(Stored data entries)
[Start of section]

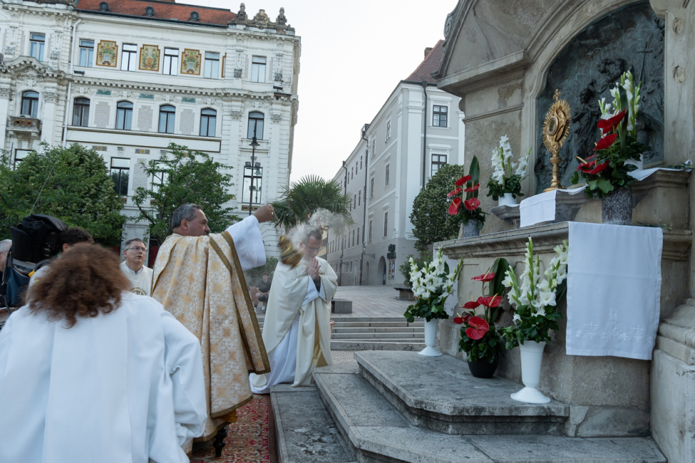 A menet a Dóm téren a székesegyháznál, a ferencesek templománál, majd pedig az Irgalmasok templománál felállított, virággal díszített oltárnál állt meg, ahol egy-egy evangéliumi részletet olvastak fel, majd áldásban részesítették a híveket. Az úrnapi körmenet és tanúságtétel a Széchenyi téri Szentháromság-szobornál felállított oltárnál ért véget.
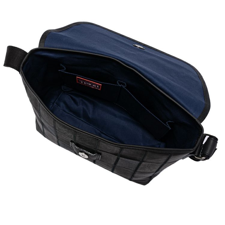 開口部はフラップタイプで、シンプルな動作での開けやすさが魅力。マグネットボタンで留める構造で、ボタンを少し立体的に留めることでフラップが少し浮いたような構造になり、開ける際に指に引っかかり、開けやすくしました。ショルダーストラップ裏面はコットン素材で、肌当たりを良くしました。
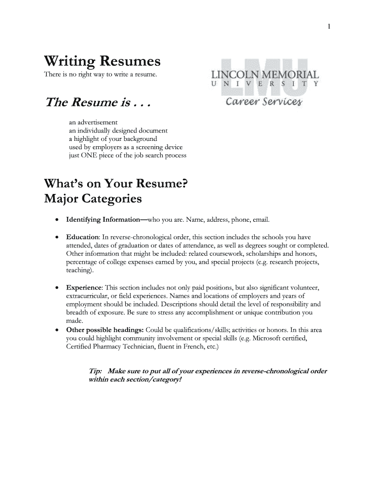 Get the free Writing Resumes - Lincoln Memorial University - lmunet
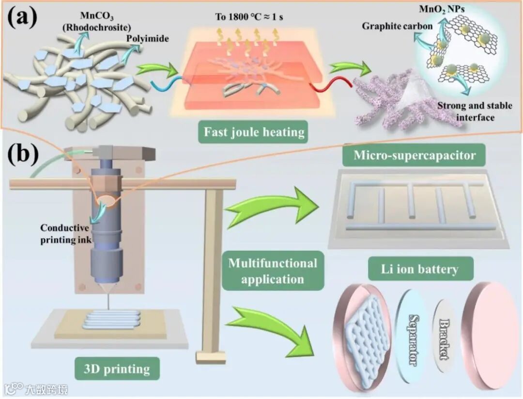 图1.快速焦耳加热(FJH)方法制备MnO₂/碳复合材料的示意图(a)以及3D打印电极的直接墨水写入(DIW)过程和应用(b)
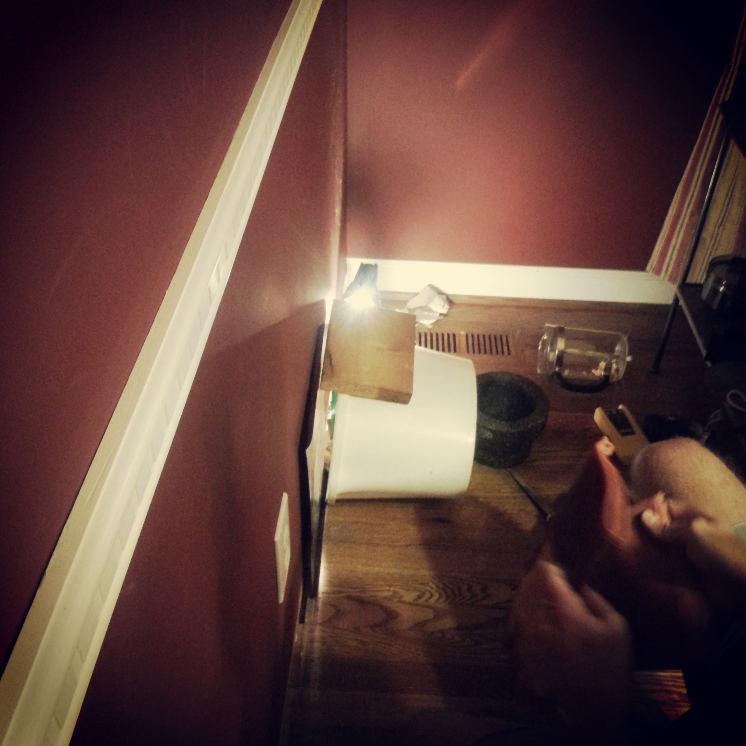 so last night, GB heard a loud scratching in the wall, and he informed me about it when i was sleepy and i promptly forgot. the situation apparently escalated quickly while i was stacking zzz’s. this morning, before i was even properly awake, he was standing in the bedroom door advising me that he was about to knock a hole in the dining room wall to release the scratchy thing.
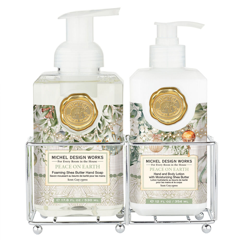 This set includes one foaming soap dispenser, one hand and body lotion, and a silver-toned caddy ... making it a perfect host/hostess gift for any holiday event.
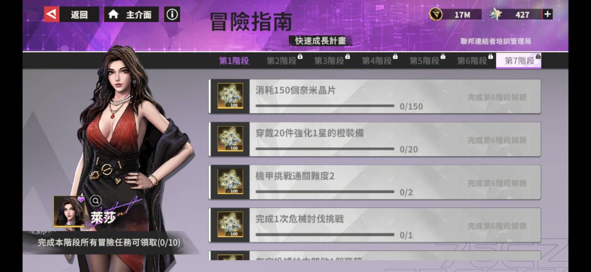 2.冒險指南:就是前期的每日目標,可以拿到很多連結憑證(抽卡券)(目前看到21天,每天10個紫色或橙色連結憑證共180個,第7、14天是塗鴉,第21天是副官)。

[End of section]

▶ _EXERCISE_
Locate the line containing "Get the free" in the records above, then output it and every line after it through the last, excluding pictures.

▶ _THE COMPLETED TASK_
 Get the free Writing Resumes - Lincoln Memorial University - lmunet
 图1.快速焦耳加热(FJH)方法制备MnO₂/碳复合材料的示意图(a)以及3D打印电极的直接墨水写入(DIW)过程和应用(b)
 so last night, GB heard a loud scratching in the wall, and he informed me about it when i was sleepy and i promptly forgot. the situation apparently escalated quickly while i was stacking zzz’s. this morning, before i was even properly awake, he was standing in the bedroom door advising me that he was about to knock a hole in the dining room wall to release the scratchy thing.
 This set includes one foaming soap dispenser, one hand and body lotion, and a silver-toned caddy ... making it a perfect host/hostess gift for any holiday event.
 2.冒險指南:就是前期的每日目標,可以拿到很多連結憑證(抽卡券)(目前看到21天,每天10個紫色或橙色連結憑證共180個,第7、14天是塗鴉,第21天是副官)。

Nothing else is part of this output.